En un tiempo, una persona me regalaba una rosa para la solapa de mi
traje todos los domingos. Como siempre recibía la flor, en realidad
no pensaba demasiado en el tema. Era un gesto agradable que
apreciaba, pero se convirtió en una rutina. Sin embargo, un
domingo, lo que consideraba común resulto muy especial.
Salía del servicio religioso dominical cuando se me acercó un
jovencito. Caminó directamente hacia mí y me dijo:
-Señor, ¿qué va a hacer con su flor?
Al principio no sabía de qué hablaba, pero luego entendí.
-¿Te refieres a ésta?- le pregunté, y señalé la rosa pinchada en mi
chaqueta.
-Sí, señor -asintió él-. Si va a botarla, me gustaría tenerla.
En ese momento sonreí y le dije, con mucho placer, que podía
quedarse con mi flor, al tiempo que le preguntaba qué pensaba hacer
con ella. El muchacho, que debía de tener menos de diez años, me
miró y dijo:
-Se la daré a mi abuela, señor. Papá y mamá se divorciaron el año
pasado.
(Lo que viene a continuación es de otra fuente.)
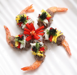 [재료] 대하 5마리, 쇠고기 다진 것 200g, 황백지단, 당근, 홍고추, 오이, 석이버섯

Yo vivía con mi madre, pero cuando se volvió a casar, quiso
que viviera con mi padre. Viví con él un tiempo, pero dijo que no
podía quedarme más, por lo tanto me mandó a vivir con mi abuela.
Ella es buenísima conmigo. Cocina para mí y me cuida. Ha sido tan
buena que quiero darle esa linda flor por quererme.
Cuando el niño terminó, yo apenas podía hablar. Tenía los ojos
llenos de lágrimas y supe que me había emocionado hasta lo más hondo
del alma. Me desprendí la flor. Con la flor en la mano, miré al
niño y le dije:
-Hijo, es lo más lindo que he oído hasta ahora, pero no puedes
llevarle sólo esta flor porque no es suficiente. Si vas hasta el
púlpito, verás un gran ramo de flores. Distintas familias las
compran para la iglesia todas las semanas. Por favor, llévale esas
flores a tu abuelita porque ella se merece lo mejor.
Como si ya no me hubiera emocionado lo suficiente, dijo una última
frase que no olvidaré jamás. Dijo:
-¡Qué día fantástico!. Pedí una flor y conseguí un ramo lindísimo.